[Exercise prompt]: What are the lines below, starting at the line containing "Ein wenig Ablenkung: Flüchtlingskinder" and ending at the line containing "(情趣内衣)羞羞宝贝深V性感挂脖睡裙(红)"? Write them out exactly, ends included, without pictures.

Excerpts from a dataset:
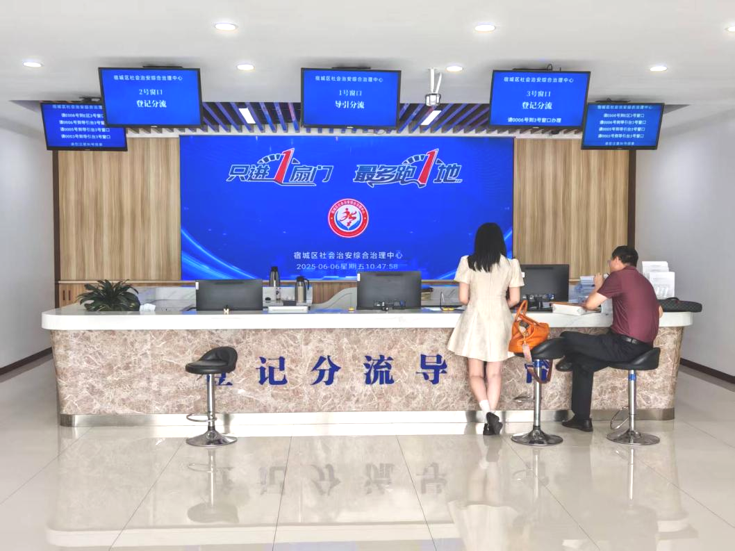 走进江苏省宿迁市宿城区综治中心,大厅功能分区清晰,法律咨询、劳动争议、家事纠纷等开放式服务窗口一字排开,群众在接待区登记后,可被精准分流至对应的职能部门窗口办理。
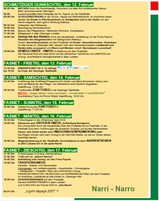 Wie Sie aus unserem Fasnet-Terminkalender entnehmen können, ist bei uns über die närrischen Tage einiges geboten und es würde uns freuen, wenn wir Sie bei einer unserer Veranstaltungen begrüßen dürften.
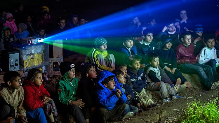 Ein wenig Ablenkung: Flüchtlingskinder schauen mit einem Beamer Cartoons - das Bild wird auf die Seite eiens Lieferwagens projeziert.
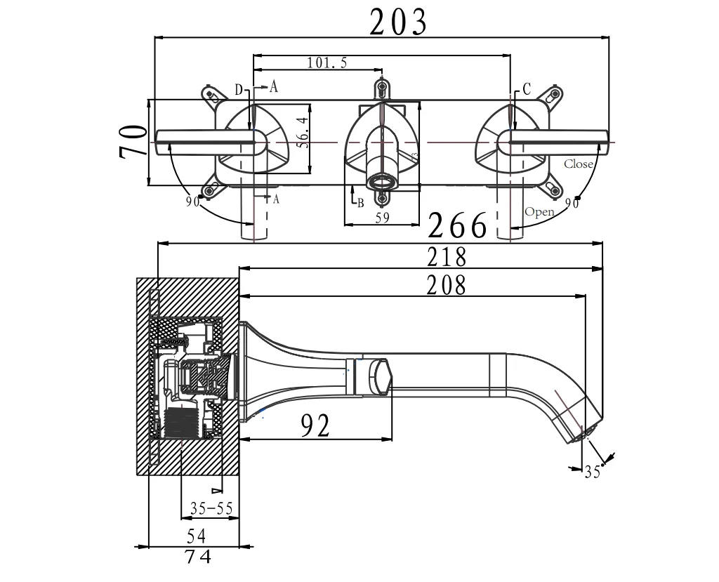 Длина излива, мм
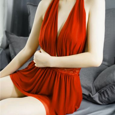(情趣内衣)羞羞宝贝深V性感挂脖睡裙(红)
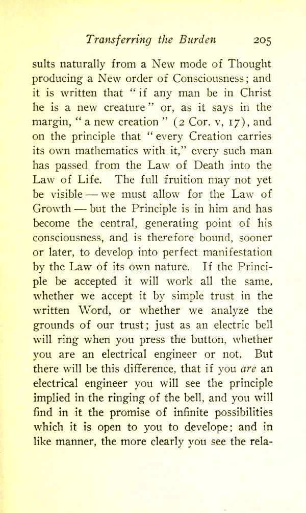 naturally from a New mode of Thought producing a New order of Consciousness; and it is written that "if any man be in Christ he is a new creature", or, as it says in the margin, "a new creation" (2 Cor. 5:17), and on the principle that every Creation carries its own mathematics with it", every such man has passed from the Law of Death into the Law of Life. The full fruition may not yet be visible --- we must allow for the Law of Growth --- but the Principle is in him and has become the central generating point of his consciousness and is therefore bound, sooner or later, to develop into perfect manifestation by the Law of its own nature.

[Final answer]:
 Ein wenig Ablenkung: Flüchtlingskinder schauen mit einem Beamer Cartoons - das Bild wird auf die Seite eiens Lieferwagens projeziert.
 Длина излива, мм
(情趣内衣)羞羞宝贝深V性感挂脖睡裙(红)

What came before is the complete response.